Zo gewelddadig is extreemrechts in Europa

Longread -
woensdag 20 januari 2016 11:48

Zijn de jaren dertig terug? Het is een vraag die steeds luider weerklinkt. Maar ook een vraag die steevast fel debat uitlokt. Stellen dat de jaren dertig terug zijn is overdreven voor de één, en een understatement volgens de ander. Daarom is het nuttig om even de feiten zelf te belichten. Hoe gewelddadig is extreemrechts vandaag? En in welke mate is dat zorgwekkend?
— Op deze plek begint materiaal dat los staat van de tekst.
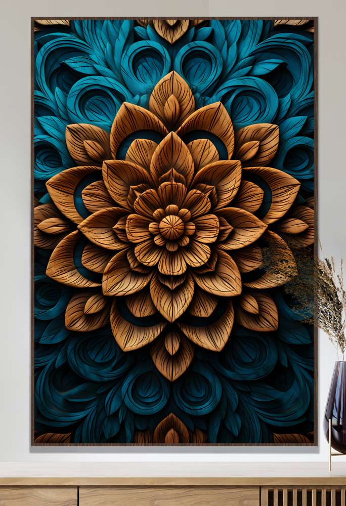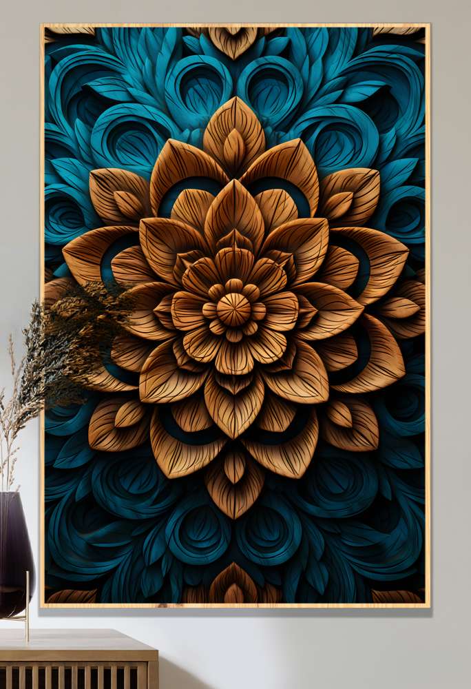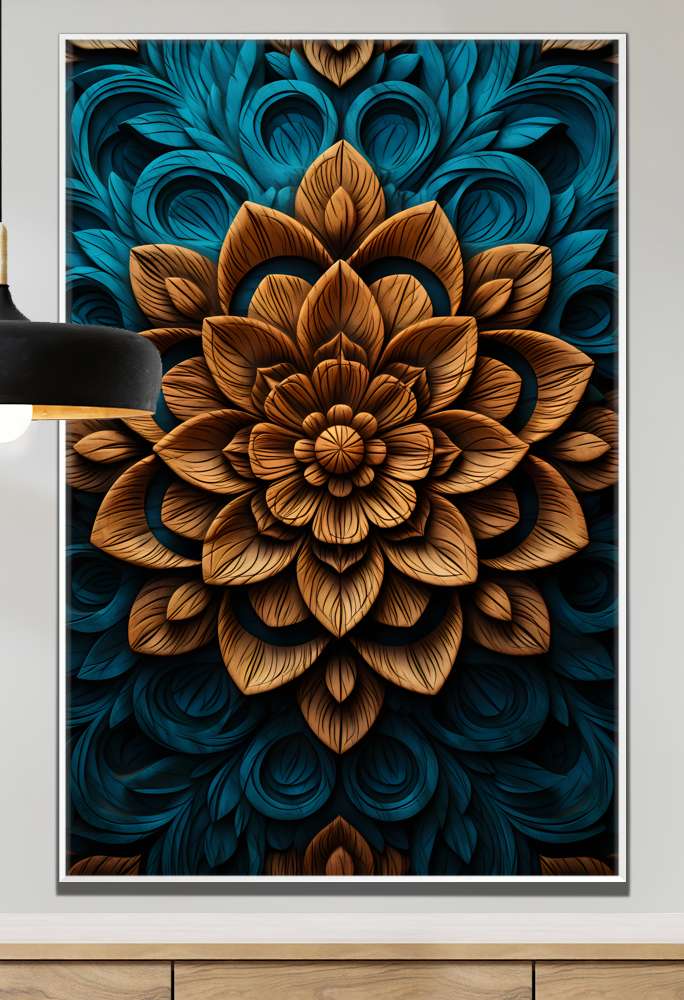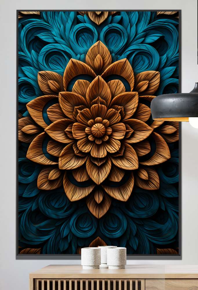 Este belíssimo quadro decorativo de mandala em tom de marrom com fundo azul irá transformar completamente o ambiente da sua casa. As mandalas, com sua complexidade e simetria, simbolizam harmonia e equilíbrio, sendo utilizadas em práticas de meditação em várias culturas ao redor do mundo. A combinação dos tons terrosos do marrom com o sereno azul de fundo cria uma atmosfera cativante e relaxante, perfeita para trazer paz e tranquilidade ao seu espaço. Deixe-se envolver pela energia positiva deste quadro decorativo e adicione um toque especial de sofisticação à sua decoração.

Om alvast een deel van het antwoord te geven: het is erger dan je kan vermoeden.

In het Nederlandse Heesch vond maandagavond een betoging plaats tegen de komst van een vluchtelingencentrum. De organisatoren hadden opgeroepen om het vreedzaam en respectvol te houden. Maar al snel liep het mis. Tegen half acht bestormde een groep het gemeentehuis waar op dat moment een raadsvergadering aan de gang was. Er werd gegooid met vuurwerk, eieren en houtblokken. Een poging om een benzinebom te laten afgaan, mislukte.




Eerder hadden inwoners van Heesch een dood varken in een boom opgeknoopt. Het is een scène die doet denken aan het liedje Strange Fruit van Billie Holiday over de lynchpartijen in het zuiden van de VS.

 

Wat in Heesch gebeurde lijkt sterk op wat zich ongeveer een maand geleden afspeelde in Geldermalsen. Ook daar werd toen het gemeentehuis bestormd tijdens een raadsvergadering over het opvangen van vluchtelingen. De politie kreeg de situatie niet onder controle en besloot in allerijl het gemeentehuis te evacueren.




Rellen zoals die in Heesch en Geldermalsen zijn het voorlopige hoogtepunt in het opbod van extreemrechts geweld in Nederland. Maar het zijn uitbarstingen die het resultaat zijn van een latent geweld dat reeds veel langer woekert. Toen enkele maanden geleden in de gemeente Steenbergen een open vergadering plaatsvond tegen de komst van een opvangcentrum, werden voorstanders van het centrum uitgejoeld en geïntimideerd. Na afloop moesten ze onder politiebegeleiding de zaal verlaten. In datzelfde Steenbergen kreeg Ismael Mohamed Hamid op 9 november twee bakstenen door het raam van zijn huis.

Dit soort aanvallen vinden steeds vaker plaats in Nederland, en meestal blijven ze onder de mediaradar. Op 6 november werd in het Noord-Hollandse Anna Paulowna bijvoorbeeld een vuurwerkbom geworpen naar drie Syrische vrouwen. Ook in Zaandam werd een vuurwerkbom gegooid naar de tenten van vluchtelingen. Vuurwerkbommen – niet te verwarren met gewoon vuurwerk – zijn blijkbaar een populair wapen. Tijdens de bestorming van een vluchtelingencentrum in Woerden, werd eveneens gebruik gemaakt van vuurwerkbommen.

‘Kankermoslim’

Het zijn niet alleen vluchtelingen die blootgesteld worden aan toenemend geweld. Ook wie er ‘anders’ of ‘moslim’ uitziet wordt geconfronteerd met toenemend verbaal en fysiek geweld. Dat mocht de Rotterdamse Ilham Mokhtari aan den lijve ondervinden. Haar dochter, Naoual Ghorafi, laat optekenen hoe haar moeder werd aangevallen op klaarlichte dag: “Mijn moeder was voor een paar onderzoeken op weg naar het Sint-Franciscus Gasthuis en stond met haar auto bij de afslag Hillegersberg voor het stoplicht toen een Nederlandse man op leeftijd op haar portierraampje tikte. Mijn moeder draaide het raampje open en werd gelijk uitgescholden voor ‘kankermoslim’ waarna de man haar klappen in haar gezicht gaf, bij haar keel greep en aan haar hoofddoek trok.”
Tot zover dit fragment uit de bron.